N.B. The database is built in this post and refer to the data_preparation_r.R script to have everything ready in the database.
Import libraries and connect to the database
import psycopg2
import pandas as pd
psql = psycopg2.connect(host = "localhost", database = "dvdrental",
user = "postgres", password = "password")
cursor = psql.cursor()
## fetch some data to confirm connection
pd.read_sql("SELECT * FROM language;", psql)
# language_id name last_update
# 0 1 English 2006-02-15 10:02:19
# 1 2 Italian 2006-02-15 10:02:19
# 2 3 Japanese 2006-02-15 10:02:19
# 3 4 Mandarin 2006-02-15 10:02:19
# 4 5 French 2006-02-15 10:02:19
# 5 6 German 2006-02-15 10:02:19
Get the table we’re interested in
sql = "SELECT * FROM movies_rental;"
movie_data = pd.read_sql(sql, psql)
movie_data.iloc[:, 0:4].head()
# customer Idols Snatchers Boogie Amelie Scissorhands Slums
# 0 Aaron Selby 0 0 0
# 1 Adam Gooch 0 0 0
# 2 Adrian Clary 0 1 0
# 3 Agnes Bishop 1 0 0
# 4 Alan Kahn 0 0 0
Now we will compress the data into only 4 columns; we will concatenate the values of 25 movies together and they will look something like this “10111”, then we will change this value to its unbinary equivalent i.e. 23
We will define a function that does this all and define a new dataframe to contain these 4 new columns
def unbinarize(df, start, end):
ex = df.iloc[:, start:end].apply(lambda x: "".join(x.astype(str)), axis = 1)

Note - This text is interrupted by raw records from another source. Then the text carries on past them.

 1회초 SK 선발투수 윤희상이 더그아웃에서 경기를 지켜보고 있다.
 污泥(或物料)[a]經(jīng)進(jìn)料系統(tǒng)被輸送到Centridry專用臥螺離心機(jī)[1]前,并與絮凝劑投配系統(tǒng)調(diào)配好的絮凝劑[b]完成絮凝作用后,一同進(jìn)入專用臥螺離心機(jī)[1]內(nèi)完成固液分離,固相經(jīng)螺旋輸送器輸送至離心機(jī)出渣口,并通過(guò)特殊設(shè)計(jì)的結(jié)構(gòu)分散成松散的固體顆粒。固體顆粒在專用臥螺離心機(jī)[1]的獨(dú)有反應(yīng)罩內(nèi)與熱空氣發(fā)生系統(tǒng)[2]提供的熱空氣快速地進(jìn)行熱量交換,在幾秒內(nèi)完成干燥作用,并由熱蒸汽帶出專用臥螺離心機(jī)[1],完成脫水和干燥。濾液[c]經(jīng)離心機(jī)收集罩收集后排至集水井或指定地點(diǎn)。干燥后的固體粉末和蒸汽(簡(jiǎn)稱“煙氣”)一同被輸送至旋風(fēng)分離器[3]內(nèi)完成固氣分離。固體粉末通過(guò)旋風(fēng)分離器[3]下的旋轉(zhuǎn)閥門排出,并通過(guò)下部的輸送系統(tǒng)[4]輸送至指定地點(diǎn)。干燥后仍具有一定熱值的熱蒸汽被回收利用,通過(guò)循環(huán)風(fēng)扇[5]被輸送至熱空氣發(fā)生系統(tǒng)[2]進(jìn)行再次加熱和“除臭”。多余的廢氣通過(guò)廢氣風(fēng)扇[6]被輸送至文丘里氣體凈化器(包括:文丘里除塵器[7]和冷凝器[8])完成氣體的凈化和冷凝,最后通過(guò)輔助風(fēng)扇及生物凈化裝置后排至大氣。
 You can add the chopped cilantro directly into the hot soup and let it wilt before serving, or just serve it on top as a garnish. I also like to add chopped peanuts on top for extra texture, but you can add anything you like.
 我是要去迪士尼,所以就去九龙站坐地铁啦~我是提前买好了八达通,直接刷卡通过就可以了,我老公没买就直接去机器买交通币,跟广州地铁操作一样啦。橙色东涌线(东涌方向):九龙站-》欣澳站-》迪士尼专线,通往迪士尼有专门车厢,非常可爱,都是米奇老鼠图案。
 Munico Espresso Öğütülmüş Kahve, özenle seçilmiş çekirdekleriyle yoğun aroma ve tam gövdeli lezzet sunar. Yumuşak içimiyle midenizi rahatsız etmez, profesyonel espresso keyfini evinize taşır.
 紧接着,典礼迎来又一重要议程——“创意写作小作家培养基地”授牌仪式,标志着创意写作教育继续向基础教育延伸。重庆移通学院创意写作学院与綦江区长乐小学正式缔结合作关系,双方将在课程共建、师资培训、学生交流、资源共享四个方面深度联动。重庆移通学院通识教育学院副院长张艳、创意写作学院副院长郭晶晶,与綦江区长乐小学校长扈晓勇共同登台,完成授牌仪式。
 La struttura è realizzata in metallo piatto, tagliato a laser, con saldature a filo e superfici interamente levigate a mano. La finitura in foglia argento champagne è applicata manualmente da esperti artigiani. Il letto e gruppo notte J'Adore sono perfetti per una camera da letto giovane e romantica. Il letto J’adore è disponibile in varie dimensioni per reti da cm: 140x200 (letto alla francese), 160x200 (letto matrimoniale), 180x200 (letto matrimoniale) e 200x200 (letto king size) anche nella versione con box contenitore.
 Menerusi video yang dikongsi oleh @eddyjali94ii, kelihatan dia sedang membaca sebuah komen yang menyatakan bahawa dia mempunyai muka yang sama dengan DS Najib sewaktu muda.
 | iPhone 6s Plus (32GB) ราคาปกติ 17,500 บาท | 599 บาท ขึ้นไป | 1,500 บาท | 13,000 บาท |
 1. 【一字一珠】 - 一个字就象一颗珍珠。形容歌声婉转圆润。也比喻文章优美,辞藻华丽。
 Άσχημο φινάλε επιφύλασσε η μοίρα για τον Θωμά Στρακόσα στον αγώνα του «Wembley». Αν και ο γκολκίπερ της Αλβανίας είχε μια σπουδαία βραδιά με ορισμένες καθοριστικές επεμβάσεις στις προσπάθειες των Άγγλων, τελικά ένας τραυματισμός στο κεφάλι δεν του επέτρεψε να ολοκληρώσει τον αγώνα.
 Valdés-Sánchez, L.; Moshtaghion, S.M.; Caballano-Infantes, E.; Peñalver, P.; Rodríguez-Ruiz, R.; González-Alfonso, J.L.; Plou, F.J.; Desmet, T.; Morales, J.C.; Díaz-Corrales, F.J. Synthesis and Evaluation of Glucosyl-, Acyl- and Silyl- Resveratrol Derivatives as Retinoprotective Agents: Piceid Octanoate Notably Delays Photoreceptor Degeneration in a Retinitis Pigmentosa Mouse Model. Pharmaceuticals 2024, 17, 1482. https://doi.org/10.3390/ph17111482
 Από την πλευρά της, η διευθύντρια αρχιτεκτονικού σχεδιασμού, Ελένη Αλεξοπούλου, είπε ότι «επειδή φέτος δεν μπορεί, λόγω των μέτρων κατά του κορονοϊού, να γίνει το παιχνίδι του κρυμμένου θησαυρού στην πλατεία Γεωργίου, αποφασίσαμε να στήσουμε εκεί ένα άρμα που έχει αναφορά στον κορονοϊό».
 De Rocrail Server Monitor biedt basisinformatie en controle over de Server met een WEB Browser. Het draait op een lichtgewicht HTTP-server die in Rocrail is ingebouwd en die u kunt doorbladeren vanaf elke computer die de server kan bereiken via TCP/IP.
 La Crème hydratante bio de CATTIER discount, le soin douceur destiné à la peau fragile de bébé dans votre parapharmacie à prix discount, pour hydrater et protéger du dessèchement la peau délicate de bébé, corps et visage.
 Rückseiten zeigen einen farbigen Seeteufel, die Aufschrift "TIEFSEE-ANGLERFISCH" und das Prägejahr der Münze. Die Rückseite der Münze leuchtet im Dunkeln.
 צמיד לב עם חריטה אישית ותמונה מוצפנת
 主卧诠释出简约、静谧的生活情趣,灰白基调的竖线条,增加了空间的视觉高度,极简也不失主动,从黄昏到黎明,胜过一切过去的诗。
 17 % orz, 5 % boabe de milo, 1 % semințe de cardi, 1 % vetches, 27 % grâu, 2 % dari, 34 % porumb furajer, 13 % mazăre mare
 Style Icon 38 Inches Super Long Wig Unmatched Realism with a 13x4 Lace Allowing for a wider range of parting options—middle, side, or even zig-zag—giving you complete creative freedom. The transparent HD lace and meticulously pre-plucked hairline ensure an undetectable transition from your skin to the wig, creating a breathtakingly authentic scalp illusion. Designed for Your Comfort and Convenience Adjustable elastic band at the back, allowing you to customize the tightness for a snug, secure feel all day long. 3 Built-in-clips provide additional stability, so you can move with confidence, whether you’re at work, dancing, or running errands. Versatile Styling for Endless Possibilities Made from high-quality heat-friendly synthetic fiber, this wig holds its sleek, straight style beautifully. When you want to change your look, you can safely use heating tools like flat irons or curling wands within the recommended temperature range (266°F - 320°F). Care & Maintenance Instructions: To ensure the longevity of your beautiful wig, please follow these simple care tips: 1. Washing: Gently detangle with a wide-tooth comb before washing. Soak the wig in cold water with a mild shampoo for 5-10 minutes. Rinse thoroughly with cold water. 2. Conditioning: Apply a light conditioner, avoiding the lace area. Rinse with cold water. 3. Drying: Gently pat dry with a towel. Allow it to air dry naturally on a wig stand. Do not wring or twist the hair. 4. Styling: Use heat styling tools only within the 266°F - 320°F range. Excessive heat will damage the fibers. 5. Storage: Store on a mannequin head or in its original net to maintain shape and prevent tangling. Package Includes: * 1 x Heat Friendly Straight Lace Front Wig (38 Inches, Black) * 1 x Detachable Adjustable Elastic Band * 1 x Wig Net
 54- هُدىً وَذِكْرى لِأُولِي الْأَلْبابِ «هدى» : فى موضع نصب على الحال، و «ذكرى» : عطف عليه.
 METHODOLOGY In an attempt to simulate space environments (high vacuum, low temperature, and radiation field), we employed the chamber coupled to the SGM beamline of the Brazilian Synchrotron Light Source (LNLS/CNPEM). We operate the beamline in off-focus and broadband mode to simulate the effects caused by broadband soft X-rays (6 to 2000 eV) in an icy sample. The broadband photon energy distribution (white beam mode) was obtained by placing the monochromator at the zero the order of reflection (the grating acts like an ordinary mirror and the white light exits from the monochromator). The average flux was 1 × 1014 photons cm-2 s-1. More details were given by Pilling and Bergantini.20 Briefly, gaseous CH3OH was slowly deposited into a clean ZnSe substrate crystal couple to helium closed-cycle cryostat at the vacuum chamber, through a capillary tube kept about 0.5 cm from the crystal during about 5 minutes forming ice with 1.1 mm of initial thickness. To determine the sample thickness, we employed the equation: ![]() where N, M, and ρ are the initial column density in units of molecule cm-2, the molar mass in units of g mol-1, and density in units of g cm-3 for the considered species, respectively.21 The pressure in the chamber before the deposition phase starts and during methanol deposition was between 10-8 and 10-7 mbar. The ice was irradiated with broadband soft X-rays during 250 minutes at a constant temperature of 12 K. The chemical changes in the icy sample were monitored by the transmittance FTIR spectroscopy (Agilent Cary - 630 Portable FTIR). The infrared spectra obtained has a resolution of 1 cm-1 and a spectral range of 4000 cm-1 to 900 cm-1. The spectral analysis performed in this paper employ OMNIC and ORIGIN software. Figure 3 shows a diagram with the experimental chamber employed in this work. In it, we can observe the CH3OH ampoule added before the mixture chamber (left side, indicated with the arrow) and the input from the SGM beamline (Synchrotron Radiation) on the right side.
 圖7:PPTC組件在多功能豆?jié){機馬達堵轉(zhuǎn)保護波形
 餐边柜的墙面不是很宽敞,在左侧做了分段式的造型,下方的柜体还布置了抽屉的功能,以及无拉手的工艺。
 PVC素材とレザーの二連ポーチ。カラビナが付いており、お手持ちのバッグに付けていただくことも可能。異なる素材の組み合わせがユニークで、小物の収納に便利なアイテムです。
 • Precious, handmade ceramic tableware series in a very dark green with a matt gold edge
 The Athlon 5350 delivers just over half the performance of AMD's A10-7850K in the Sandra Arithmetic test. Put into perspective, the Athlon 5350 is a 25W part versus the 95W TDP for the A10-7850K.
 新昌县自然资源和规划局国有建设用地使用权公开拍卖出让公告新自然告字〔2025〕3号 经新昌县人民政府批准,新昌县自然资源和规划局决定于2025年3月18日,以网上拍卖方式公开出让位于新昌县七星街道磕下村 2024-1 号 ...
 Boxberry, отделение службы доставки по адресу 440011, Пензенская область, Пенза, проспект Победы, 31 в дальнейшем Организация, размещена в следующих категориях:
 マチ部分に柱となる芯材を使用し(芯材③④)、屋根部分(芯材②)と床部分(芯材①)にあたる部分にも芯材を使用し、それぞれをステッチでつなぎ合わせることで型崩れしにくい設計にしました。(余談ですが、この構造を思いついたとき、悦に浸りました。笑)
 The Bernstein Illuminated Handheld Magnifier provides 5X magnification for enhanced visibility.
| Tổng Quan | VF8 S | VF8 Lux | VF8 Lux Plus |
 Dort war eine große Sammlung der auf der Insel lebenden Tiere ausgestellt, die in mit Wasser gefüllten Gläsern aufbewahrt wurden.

return [int(i, 2) for i in ex]
compressed_movie = pd.DataFrame()
compressed_movie["customer"] = movie_data["customer"]
compressed_movie["bit1"] = unbinarize(movie_data, 1, 26)
compressed_movie["bit2"] = unbinarize(movie_data, 26, 51)
compressed_movie["bit3"] = unbinarize(movie_data, 51, 76)
compressed_movie["bit4"] = unbinarize(movie_data, 76, 101)
compressed_movie[0:5]
# customer bit1 bit2 bit3 bit4
# 0 Aaron Selby 0 0 8192 16777216
# 1 Adam Gooch 0 2129920 8193 0
# 2 Adrian Clary 8388608 128 0 16777216
# 3 Agnes Bishop 16777216 0 512 16777216
# 4 Alan Kahn 557056 0 2097216 0
Now we will define a hash function to form 3 buckets to insert similar customers together. These 3 buckets will contain patterns of rentals for some random movies we chose.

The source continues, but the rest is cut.